**Data shown:**
BEGIN

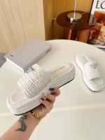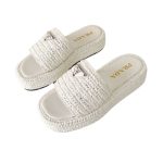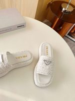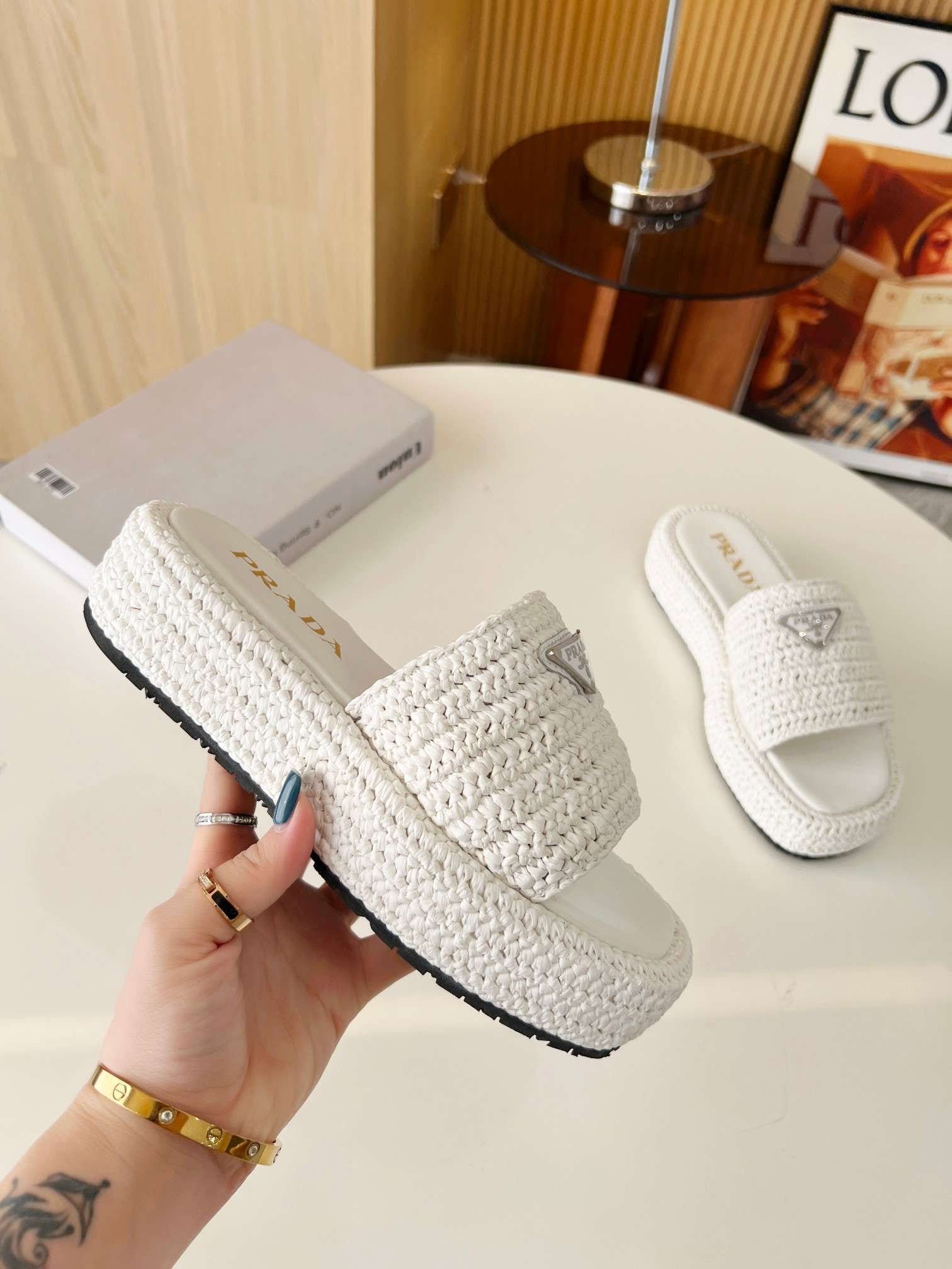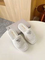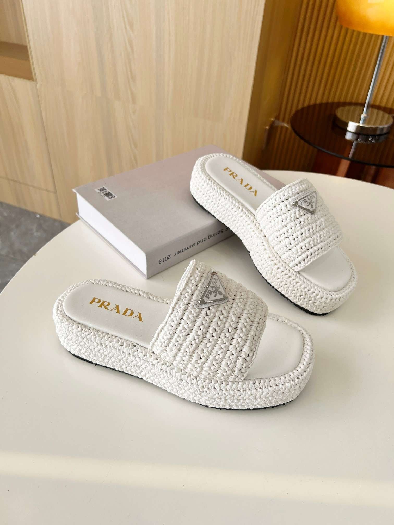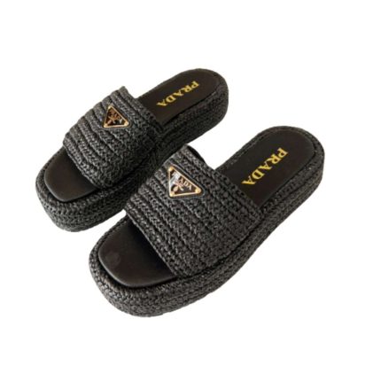 简单而精致的钩针编织图案增强了这款平底凉鞋的设计,装饰有 Prada 的金属三角形徽标,为凉鞋带来标志性的气息。
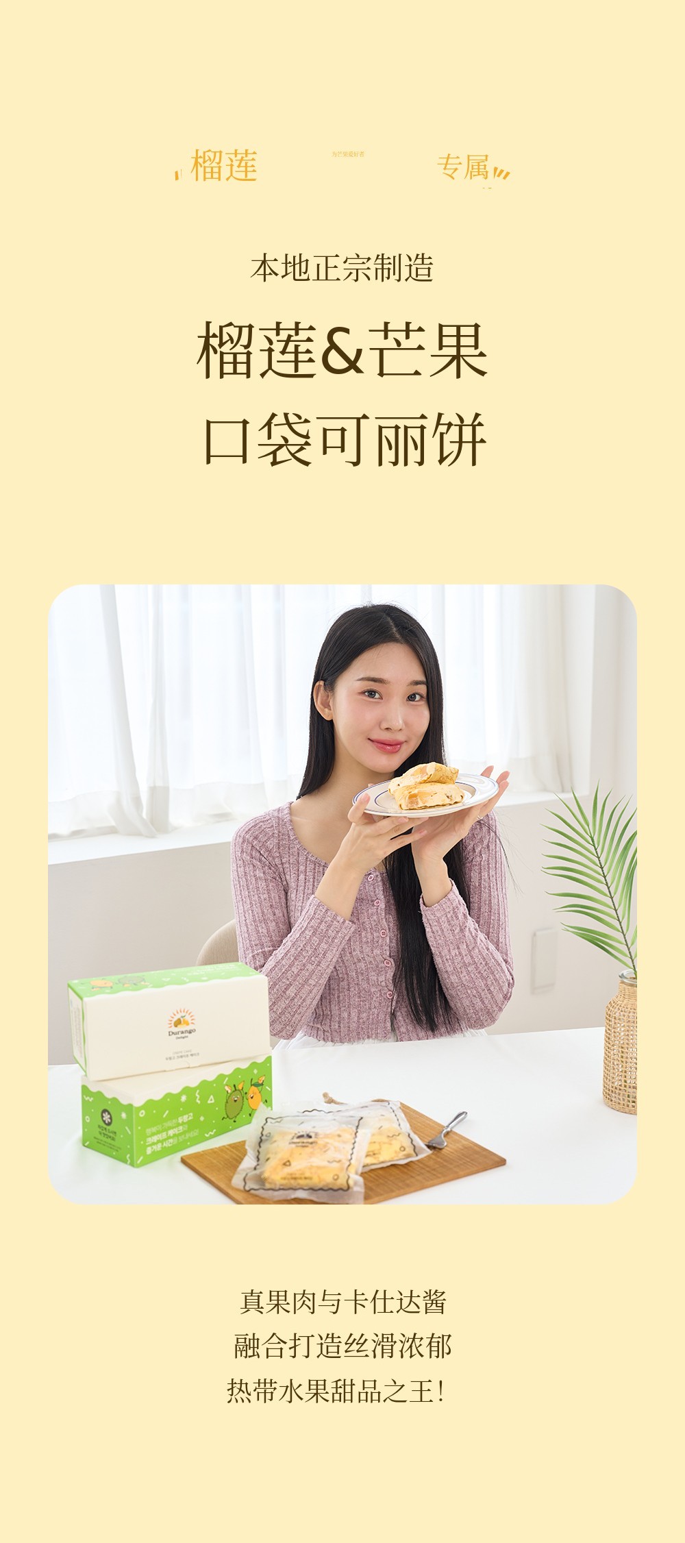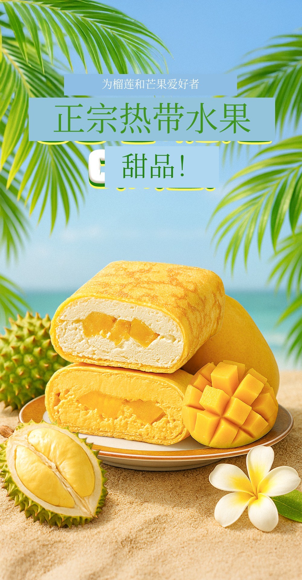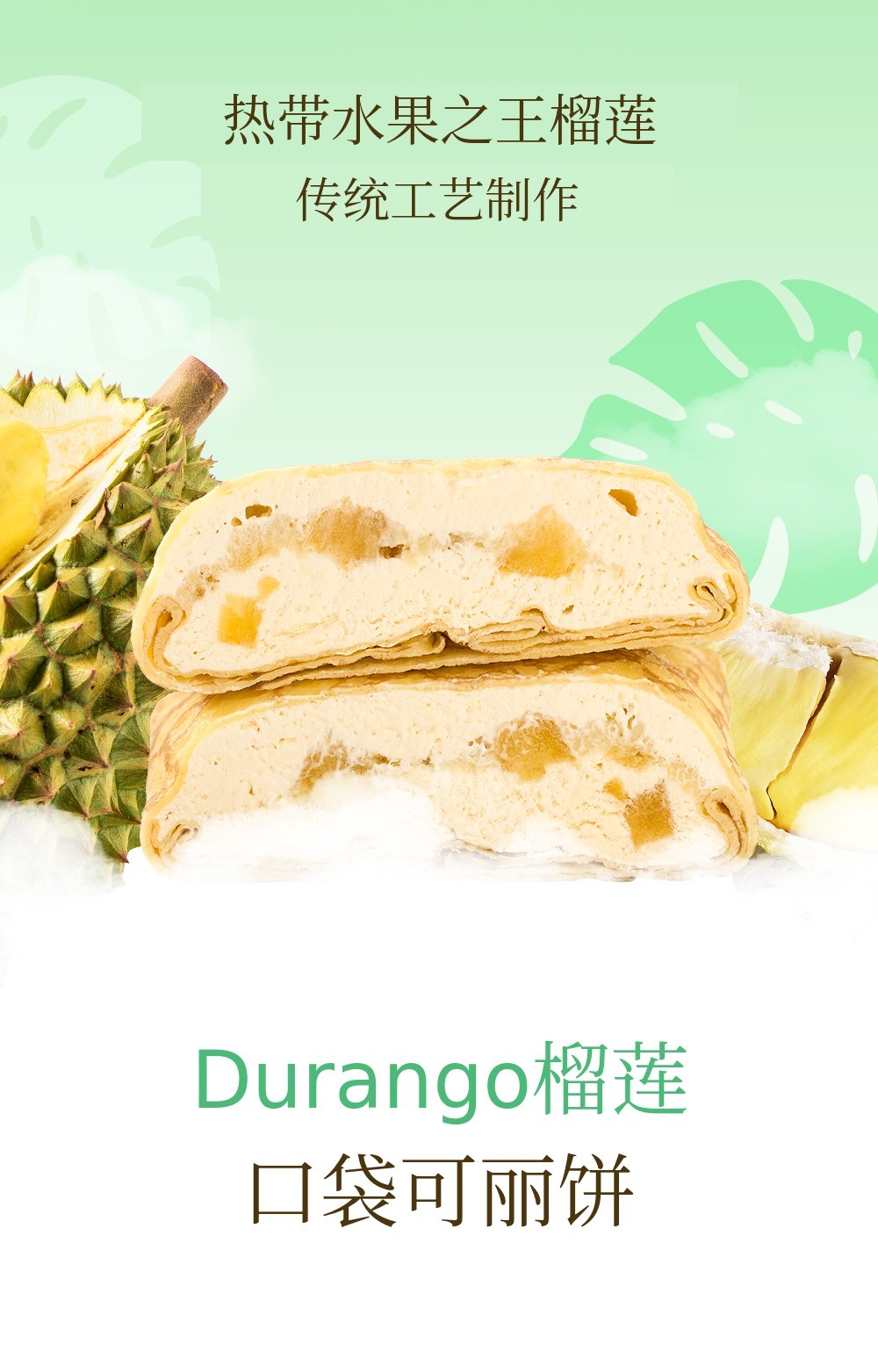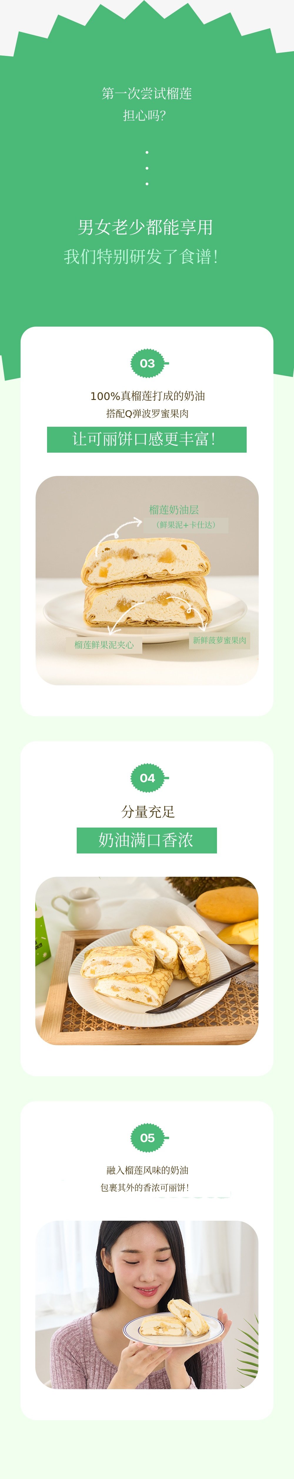 1. 🍰 榴莲芒果口袋可丽饼 - 采用真热带水果,口感新鲜柔软的甜点 2. 🌴 东南亚旅行体验 - 甜美热带水果味道,重现异国风情甜点 3. 🎁 优惠套装福利 - 含冰袋和红豆面包,价格优惠
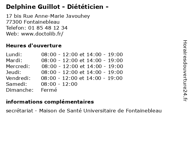 | Lundi | 08:00-12:00 et 14:00-19:00 |

END

**What needs to be done:**
From the first line to the last, return the material above exactly, apart from the pictures.

**Result for this task:**
 简单而精致的钩针编织图案增强了这款平底凉鞋的设计,装饰有 Prada 的金属三角形徽标,为凉鞋带来标志性的气息。
 1. 🍰 榴莲芒果口袋可丽饼 - 采用真热带水果,口感新鲜柔软的甜点 2. 🌴 东南亚旅行体验 - 甜美热带水果味道,重现异国风情甜点 3. 🎁 优惠套装福利 - 含冰袋和红豆面包,价格优惠
 | Lundi | 08:00-12:00 et 14:00-19:00 |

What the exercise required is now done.